%%

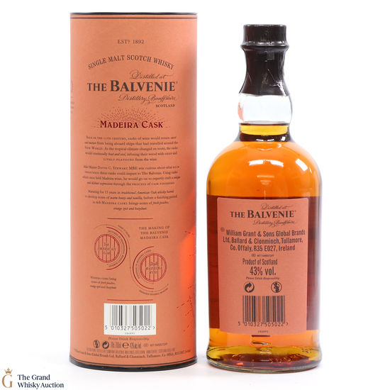 This release is from the Speyside distillery, Balvenie. The initial cask maturation took place in American Oak barrels before being finished in Madeira casks for several months.
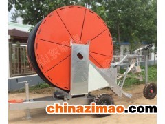 移動絞盤式噴灌機噴頭小車上裝有牽引杠、小車輪、噴頭架,噴頭架上裝有噴頭、配重體、輸水軟管;其特征在于,輸水軟管的另一端與管路連接,并直通PE管;主機架上裝有螺旋千斤頂、護罩、伺服機構、停機碰頭、支腿、收車架,大車輪裝在主機架的兩側;轉盤上裝有底座,底座上裝有右支架、左支架,左支架 側板上裝有直流可調式水蝸輪;水蝸輪的出水口與絞盤主軸管道相通,水蝸輪的入水口與輸水管快速管接頭相通;在快速管接頭上有一水壓表,水蝸輪的調整桿與速 度微調桿機構連接,自動停機連桿與減速器上的速度變 檔機構相連,減速器架上裝有速度表,減速器輸出軸上裝有制動器、左端小鏈輪,左端小鏈輪通過左端滾子鏈 傳動給絞盤上的大鏈輪;絞盤上纏繞PE管,絞盤主軸由 左右支架上的軸承支承,絞盤主軸右端上的小鏈輪通過 右端滾子鏈傳動給排管機構。
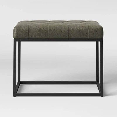 Add extra seating to your living room, TV room or den with the sleek and stylish Trubeck Faux-Leather Tufted Metal Base Ottoman from Project 62™. Featuring a foam-filled tufted seat and a sleek, open powder-coated metal frame, this upholstered ottoman offers you or your guests a luxurious seating experience. The tufted faux-leather seat adds a little texture to your living space, while the solid metal base in a gold tone provides a durable and elegant construction. From acting as a spare seat for guests to doubling as a handy footrest, this tufted faux-leather ottoman will make a stylish addition to your space.
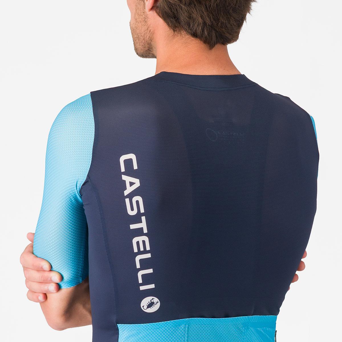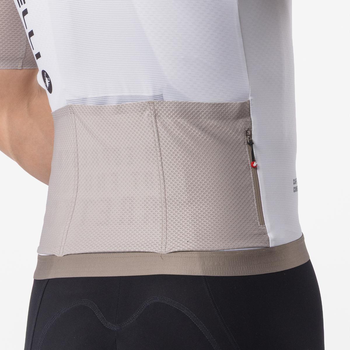 Tkanina Nano Flex firmy Castelli odpycha wodę dzięki połączeniu wykończenia DWR i milionom ultra-drobnych nanowłókien, które powodują, że krople wody zbierają się na powierzchni i spływają zamiast wsiąkać. Wykończenie Nano Flex utrzymuje się przez około 40-50 prań — pod warunkiem właściwej pielęgnacji. Jeżeli detergent zawiera zmiękczacz tkanin, wykończenie może zostać natychmiast zniszczone.
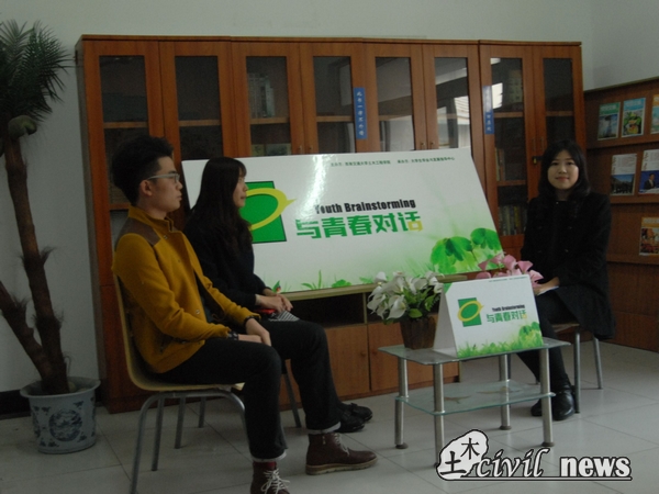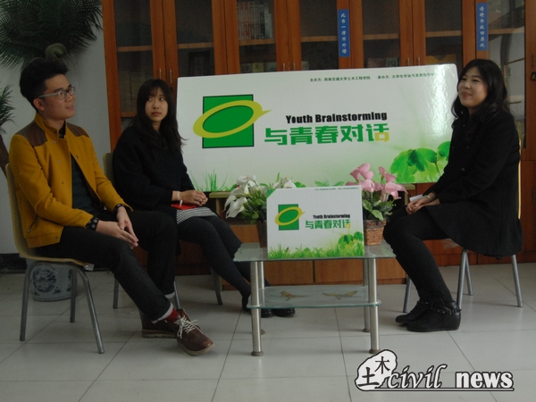 的首档青年思想秀——“与青春对话”访谈节目在天佑斋6号楼的党建室开始了。此节目由土木学院的大学生学业与发展指导中心承办,旨在让优秀的交大学子分享自己独特的大学生活经验与感触。而此次访谈的受邀嘉宾是2012级的杨瑱冉同学和2013级的许晓冬同学,他们因近期在学业上的突飞猛进而备受关注,在下面三十分钟的访谈时间里,主持人孙君将会让两位嘉宾谈谈各自的学习感悟。

%%

Task directions
Output the entries above exactly. Drop the pictures.

Exercise response
 This release is from the Speyside distillery, Balvenie. The initial cask maturation took place in American Oak barrels before being finished in Madeira casks for several months.
 移動絞盤式噴灌機噴頭小車上裝有牽引杠、小車輪、噴頭架,噴頭架上裝有噴頭、配重體、輸水軟管;其特征在于,輸水軟管的另一端與管路連接,并直通PE管;主機架上裝有螺旋千斤頂、護罩、伺服機構、停機碰頭、支腿、收車架,大車輪裝在主機架的兩側;轉盤上裝有底座,底座上裝有右支架、左支架,左支架 側板上裝有直流可調式水蝸輪;水蝸輪的出水口與絞盤主軸管道相通,水蝸輪的入水口與輸水管快速管接頭相通;在快速管接頭上有一水壓表,水蝸輪的調整桿與速 度微調桿機構連接,自動停機連桿與減速器上的速度變 檔機構相連,減速器架上裝有速度表,減速器輸出軸上裝有制動器、左端小鏈輪,左端小鏈輪通過左端滾子鏈 傳動給絞盤上的大鏈輪;絞盤上纏繞PE管,絞盤主軸由 左右支架上的軸承支承,絞盤主軸右端上的小鏈輪通過 右端滾子鏈傳動給排管機構。
 Add extra seating to your living room, TV room or den with the sleek and stylish Trubeck Faux-Leather Tufted Metal Base Ottoman from Project 62™. Featuring a foam-filled tufted seat and a sleek, open powder-coated metal frame, this upholstered ottoman offers you or your guests a luxurious seating experience. The tufted faux-leather seat adds a little texture to your living space, while the solid metal base in a gold tone provides a durable and elegant construction. From acting as a spare seat for guests to doubling as a handy footrest, this tufted faux-leather ottoman will make a stylish addition to your space.
 Tkanina Nano Flex firmy Castelli odpycha wodę dzięki połączeniu wykończenia DWR i milionom ultra-drobnych nanowłókien, które powodują, że krople wody zbierają się na powierzchni i spływają zamiast wsiąkać. Wykończenie Nano Flex utrzymuje się przez około 40-50 prań — pod warunkiem właściwej pielęgnacji. Jeżeli detergent zawiera zmiękczacz tkanin, wykończenie może zostać natychmiast zniszczone.
 的首档青年思想秀——“与青春对话”访谈节目在天佑斋6号楼的党建室开始了。此节目由土木学院的大学生学业与发展指导中心承办,旨在让优秀的交大学子分享自己独特的大学生活经验与感触。而此次访谈的受邀嘉宾是2012级的杨瑱冉同学和2013级的许晓冬同学,他们因近期在学业上的突飞猛进而备受关注,在下面三十分钟的访谈时间里,主持人孙君将会让两位嘉宾谈谈各自的学习感悟。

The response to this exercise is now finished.